Affaire Bennis-Alj-Slaoui: la version des faits de la présumée victime

Le siège de la Direction régionale de la police judiciaire à Paris.

Le siège de la Direction régionale de la police judiciaire à Paris.

Du nouveau concernant la sombre affaire de viol d’une ressortissante française impliquant trois jeunes hommes issus de grandes familles du capitalisme marocain. Dans le PV de sa plainte déposée le 7 novembre dernier auprès de la police judiciaire de Paris, la présumée victime raconte sa version des faits.
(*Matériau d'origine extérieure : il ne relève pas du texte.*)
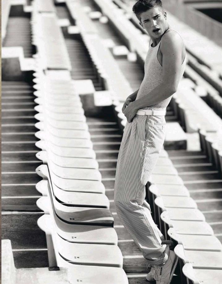 It’s not that much of a joke. He says that he boned up on Ben Stiller’s picture about a brainless model when he landed his first big job just a few months after getting started – opening for a Calvin Klein fashion show. “I was shaking like a leaf all over. I could hardly breathe from beginning to end on the runway because of my nerves.” The echo of his existence reaches us through parties and fashion events. Does he consider himself frivolous? “What does ‘frivolous’ mean? That you’re a cool dude, an extrovert? If that’s what you mean, then yeah. I’m a happy person, I like to kid around, have a good time. I’m very sarcastic, when I make a joke I do it very seriously and people don’t get it. So you explain it to them and then they feel stupid because they didn’t get it” [he laughs].

Le360 a eu accès au document. Verbatim.

Le 25/11/2024 à 19h09

L’affaire de l’agression sexuelle dont aurait été victime Sixtine F., une jeune juriste française, compagne de Mohamed Amine Naguib, responsable des commissions au sein de la CGEM, connaît un nouveau rebondissement. Aujourd’hui, on en sait un peu plus sur le contenu de la plainte déposée, le 7 novembre, par la victime au 3ème District de police judiciaire de Paris. Les propos de la plaignante, relatés de manière détaillée, donnent une nouvelle dimension à cette affaire sordide qui secoue les milieux casablancais.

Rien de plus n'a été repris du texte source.